• [Your goal]:
The reply should hold only the lines below beginning at the one with "Děti si mohly" and ending at the one with "Schneider Electric ZB5AG2K1133A", copied exactly, with every picture left out.

• [Input material]:
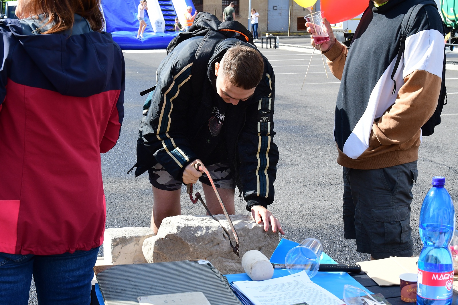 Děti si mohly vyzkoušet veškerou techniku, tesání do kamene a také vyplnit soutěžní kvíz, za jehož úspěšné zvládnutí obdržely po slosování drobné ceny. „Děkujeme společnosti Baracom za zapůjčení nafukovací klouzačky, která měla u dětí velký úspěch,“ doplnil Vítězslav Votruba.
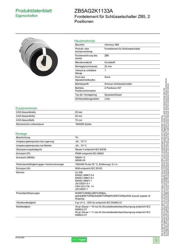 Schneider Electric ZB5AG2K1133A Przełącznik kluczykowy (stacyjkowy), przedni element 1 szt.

* * *

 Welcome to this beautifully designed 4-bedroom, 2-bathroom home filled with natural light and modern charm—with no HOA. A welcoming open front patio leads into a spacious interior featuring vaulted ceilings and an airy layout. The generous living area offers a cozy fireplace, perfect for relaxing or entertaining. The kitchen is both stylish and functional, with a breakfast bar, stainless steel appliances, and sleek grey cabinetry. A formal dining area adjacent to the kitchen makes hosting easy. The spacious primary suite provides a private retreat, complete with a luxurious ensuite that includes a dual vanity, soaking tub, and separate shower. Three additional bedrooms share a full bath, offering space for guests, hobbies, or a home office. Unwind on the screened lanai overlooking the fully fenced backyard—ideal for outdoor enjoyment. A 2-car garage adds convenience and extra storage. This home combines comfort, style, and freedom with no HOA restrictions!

==

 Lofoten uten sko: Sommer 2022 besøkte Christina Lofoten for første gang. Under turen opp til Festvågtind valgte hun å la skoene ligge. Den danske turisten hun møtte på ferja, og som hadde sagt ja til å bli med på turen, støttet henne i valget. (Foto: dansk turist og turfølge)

• [Result of this exercise]:
 Děti si mohly vyzkoušet veškerou techniku, tesání do kamene a také vyplnit soutěžní kvíz, za jehož úspěšné zvládnutí obdržely po slosování drobné ceny. „Děkujeme společnosti Baracom za zapůjčení nafukovací klouzačky, která měla u dětí velký úspěch,“ doplnil Vítězslav Votruba.
 Schneider Electric ZB5AG2K1133A Przełącznik kluczykowy (stacyjkowy), przedni element 1 szt.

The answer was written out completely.